Nothing but the lines from the one with "You will find" through the end of the data should be set down, each exactly as written, and no picture should be included.

_Source material_

------------------------------------------------------------------------

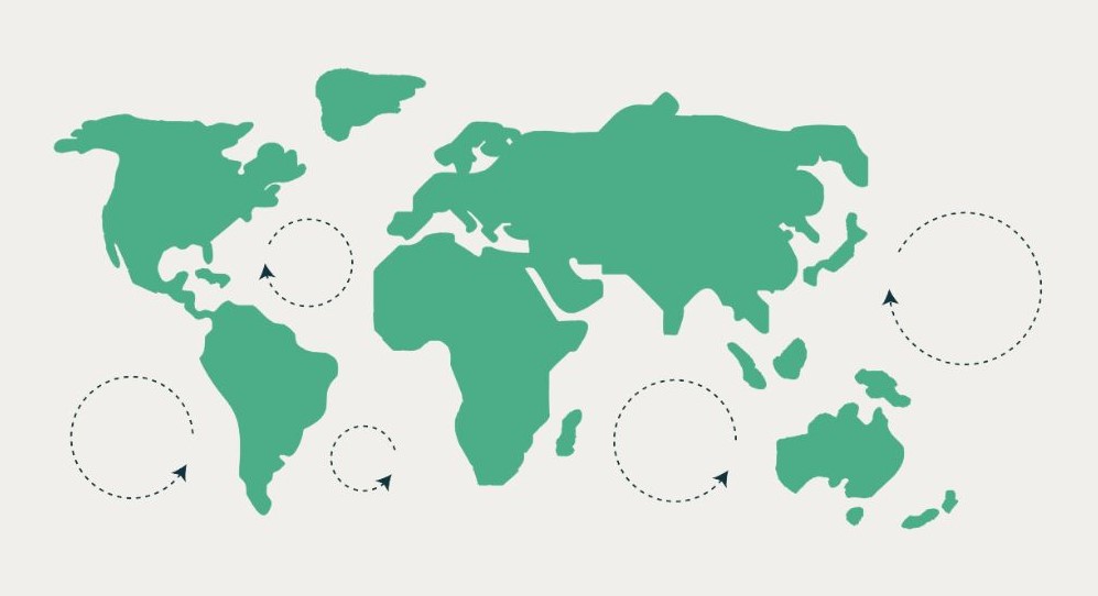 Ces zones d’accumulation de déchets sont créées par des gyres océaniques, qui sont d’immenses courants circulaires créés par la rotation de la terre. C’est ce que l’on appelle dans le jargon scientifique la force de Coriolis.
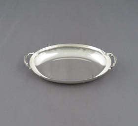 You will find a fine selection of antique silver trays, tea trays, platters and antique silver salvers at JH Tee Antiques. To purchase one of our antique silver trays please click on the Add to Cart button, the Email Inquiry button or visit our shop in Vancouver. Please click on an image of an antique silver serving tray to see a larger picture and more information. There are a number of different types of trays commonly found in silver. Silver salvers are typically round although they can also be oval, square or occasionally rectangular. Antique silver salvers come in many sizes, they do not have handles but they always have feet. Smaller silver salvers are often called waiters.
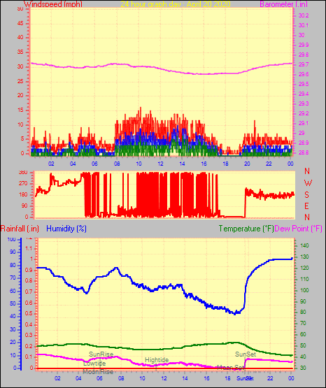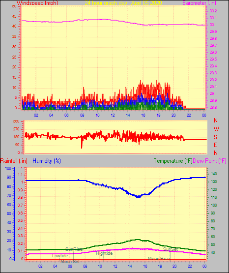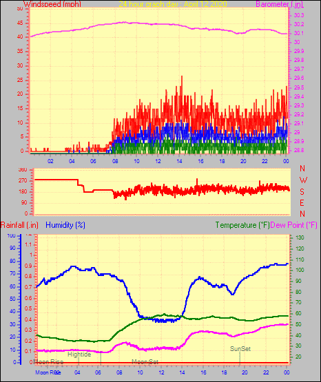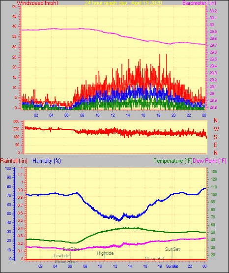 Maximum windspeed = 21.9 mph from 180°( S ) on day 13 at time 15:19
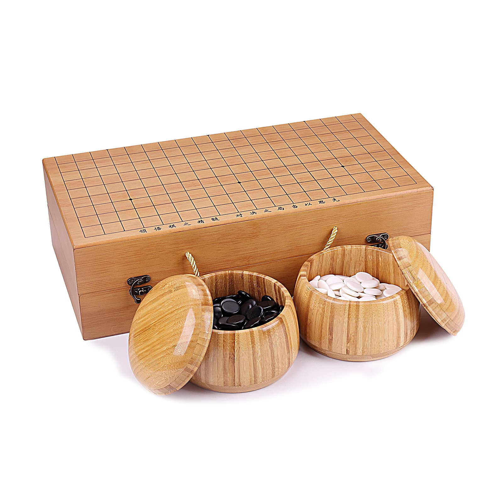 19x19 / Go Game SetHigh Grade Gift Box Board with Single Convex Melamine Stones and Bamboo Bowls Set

------------------------------------------------------------------------

_Exercise answer_
 You will find a fine selection of antique silver trays, tea trays, platters and antique silver salvers at JH Tee Antiques. To purchase one of our antique silver trays please click on the Add to Cart button, the Email Inquiry button or visit our shop in Vancouver. Please click on an image of an antique silver serving tray to see a larger picture and more information. There are a number of different types of trays commonly found in silver. Silver salvers are typically round although they can also be oval, square or occasionally rectangular. Antique silver salvers come in many sizes, they do not have handles but they always have feet. Smaller silver salvers are often called waiters.
 Maximum windspeed = 21.9 mph from 180°( S ) on day 13 at time 15:19
 19x19 / Go Game SetHigh Grade Gift Box Board with Single Convex Melamine Stones and Bamboo Bowls Set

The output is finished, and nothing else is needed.